> _Exercise aim_:
The lines below starting at the line containing "2025年5月12日,貴州省" and ending at the line containing "3年生 書写 公開日 2022/12/02" are to be repeated exactly, with both ends kept and nothing else added.

======== Material for the task

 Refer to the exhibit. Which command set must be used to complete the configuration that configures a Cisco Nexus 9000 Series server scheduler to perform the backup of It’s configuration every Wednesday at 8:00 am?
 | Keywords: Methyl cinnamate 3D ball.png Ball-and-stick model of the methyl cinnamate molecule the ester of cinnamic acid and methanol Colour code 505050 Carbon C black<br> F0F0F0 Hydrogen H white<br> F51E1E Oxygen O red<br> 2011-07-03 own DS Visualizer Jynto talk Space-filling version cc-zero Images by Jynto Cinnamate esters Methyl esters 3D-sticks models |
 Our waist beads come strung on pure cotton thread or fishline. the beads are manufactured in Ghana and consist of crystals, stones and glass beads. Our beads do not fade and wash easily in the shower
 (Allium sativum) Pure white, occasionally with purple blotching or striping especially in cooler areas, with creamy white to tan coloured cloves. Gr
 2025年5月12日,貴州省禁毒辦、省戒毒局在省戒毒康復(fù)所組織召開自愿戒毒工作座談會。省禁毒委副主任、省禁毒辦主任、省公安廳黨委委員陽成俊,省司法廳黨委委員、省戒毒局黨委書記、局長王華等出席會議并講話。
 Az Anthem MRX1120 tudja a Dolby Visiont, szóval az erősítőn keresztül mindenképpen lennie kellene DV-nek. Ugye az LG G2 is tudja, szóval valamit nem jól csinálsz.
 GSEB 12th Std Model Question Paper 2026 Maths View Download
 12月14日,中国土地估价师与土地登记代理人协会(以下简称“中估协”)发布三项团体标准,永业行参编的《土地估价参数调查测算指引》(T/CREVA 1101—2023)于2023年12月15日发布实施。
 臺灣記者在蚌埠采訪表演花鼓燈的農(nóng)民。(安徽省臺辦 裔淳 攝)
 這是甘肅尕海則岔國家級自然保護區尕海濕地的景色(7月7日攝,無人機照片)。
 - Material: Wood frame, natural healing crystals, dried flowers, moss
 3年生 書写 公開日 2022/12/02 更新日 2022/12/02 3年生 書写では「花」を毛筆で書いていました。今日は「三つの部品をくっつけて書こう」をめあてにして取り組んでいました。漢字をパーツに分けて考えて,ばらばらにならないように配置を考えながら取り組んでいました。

================
======== Material for the task

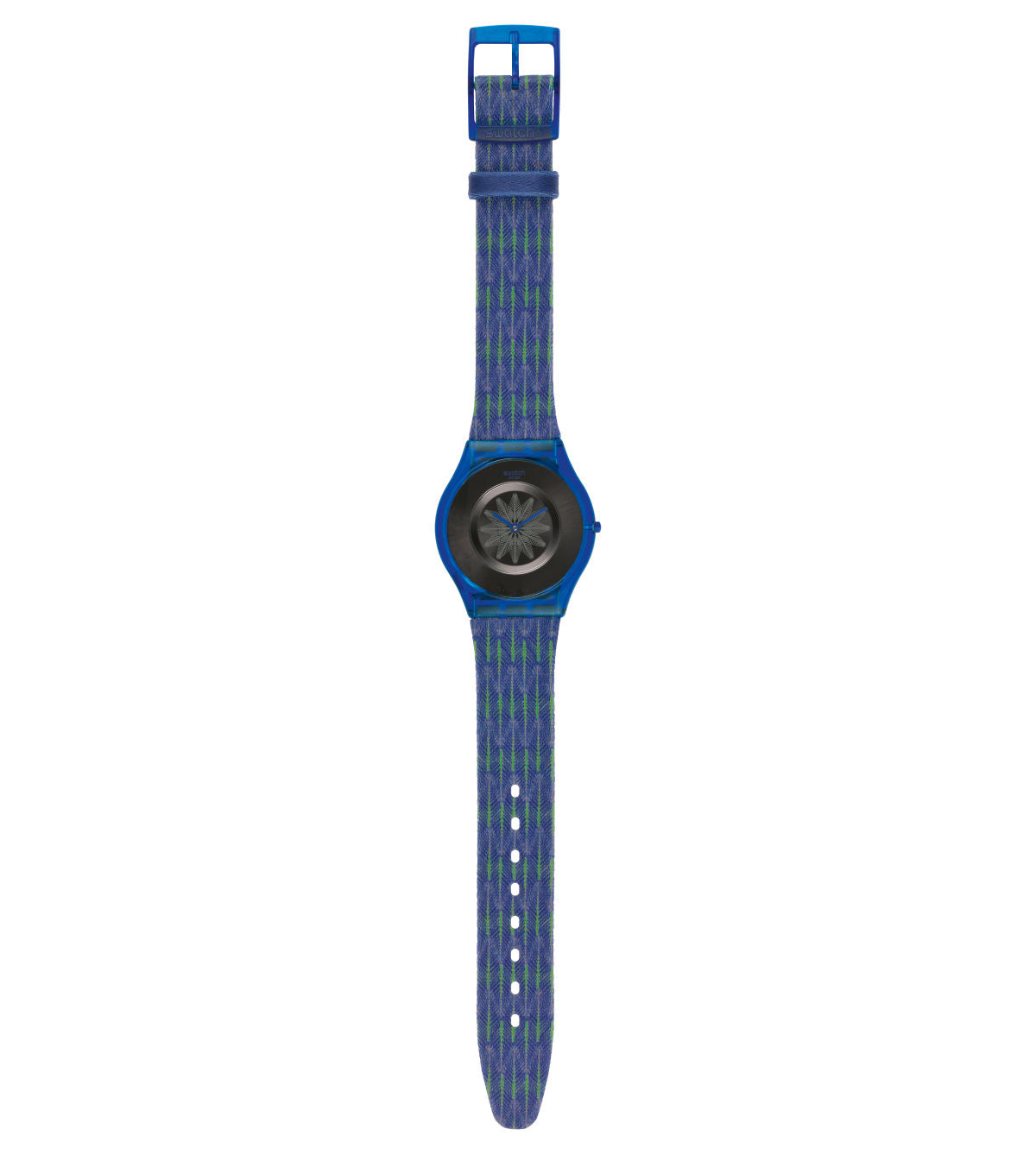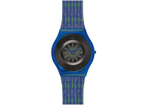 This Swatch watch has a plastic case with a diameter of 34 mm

================

> _Result for this exercise_:
 2025年5月12日,貴州省禁毒辦、省戒毒局在省戒毒康復(fù)所組織召開自愿戒毒工作座談會。省禁毒委副主任、省禁毒辦主任、省公安廳黨委委員陽成俊,省司法廳黨委委員、省戒毒局黨委書記、局長王華等出席會議并講話。
 Az Anthem MRX1120 tudja a Dolby Visiont, szóval az erősítőn keresztül mindenképpen lennie kellene DV-nek. Ugye az LG G2 is tudja, szóval valamit nem jól csinálsz.
 GSEB 12th Std Model Question Paper 2026 Maths View Download
 12月14日,中国土地估价师与土地登记代理人协会(以下简称“中估协”)发布三项团体标准,永业行参编的《土地估价参数调查测算指引》(T/CREVA 1101—2023)于2023年12月15日发布实施。
 臺灣記者在蚌埠采訪表演花鼓燈的農(nóng)民。(安徽省臺辦 裔淳 攝)
 這是甘肅尕海則岔國家級自然保護區尕海濕地的景色(7月7日攝,無人機照片)。
 - Material: Wood frame, natural healing crystals, dried flowers, moss
 3年生 書写 公開日 2022/12/02 更新日 2022/12/02 3年生 書写では「花」を毛筆で書いていました。今日は「三つの部品をくっつけて書こう」をめあてにして取り組んでいました。漢字をパーツに分けて考えて,ばらばらにならないように配置を考えながら取り組んでいました。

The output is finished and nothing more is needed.